The posterior probability p(j|`xnew`) is

`$p\left(j|x\text{new}\right)=\frac{\sum _{i\in \text{nbd}}W\left(i\right){1}_{Y\left(X\left(i\right)\right)=j}}{\sum _{i\in \text{nbd}}W\left(i\right)}.$`

Here, ${1}_{Y\left(X\left(i\right)\right)=j}$ is `1` when `mdl.Y(i) = j`, and `0` otherwise.

### True Misclassification Cost

Two costs are associated with KNN classification: the true misclassification cost per class and the expected misclassification cost per observation.
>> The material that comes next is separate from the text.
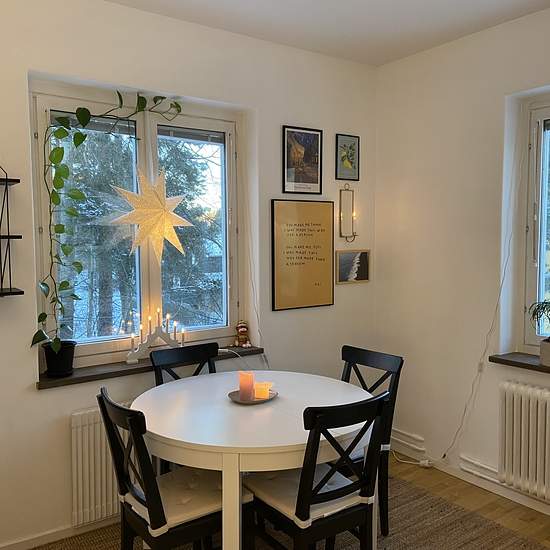 I'm renting out a two-room apartment in Telefonplan, 50 sqm. Furnished. There is a dishwasher, washing machine and tumble dryer. Rent: 13,500 SEK/month. Electricity costs are additional (usually a few hundred SEK/month). Second floor (no elevator). Small balcony with access from the living room. A few minutes' walk to the subway and the grocery store. Cafés and restaurants within walking distance. Cozy and quiet area. Service fee for tenant: 773 SEK

You can set the true misclassification cost per class by using the `'Cost'` name-value pair argument when you run `fitcknn`. The value `Cost(i,j)` is the cost of classifying an observation into class `j` if its true class is `i`. By default, `Cost(i,j) = 1` if `i ~= j`, and `Cost(i,j) = 0` if `i = j`. In other words, the cost is `0` for correct classification and `1` for incorrect classification.

### Expected Cost

Two costs are associated with KNN classification: the true misclassification cost per class and the expected misclassification cost per observation. The third output of `predict` is the expected misclassification cost per observation.

Suppose you have `Nobs` observations that you want to classify with a trained classifier `mdl`, and you have `K` classes. You place the observations into a matrix `Xnew` with one observation per row. The command

`[label,score,cost] = predict(mdl,Xnew)`

returns a matrix `cost` of size `Nobs`-by-`K`, among other outputs. Each row of the `cost` matrix contains the expected (average) cost of classifying the observation into each of the `K` classes. `cost(n,j)` is

`$\sum _{i=1}^{K}\stackrel{^}{P}\left(i|Xnew\left(n\right)\right)C\left(j|i\right),$`

where

• K is the number of classes.

• $\stackrel{^}{P}\left(i|X\left(n\right)\right)$ is the posterior probability of class i for observation Xnew(n).

• $C\left(j|i\right)$ is the true misclassification cost of classifying an observation as j when its true class is i.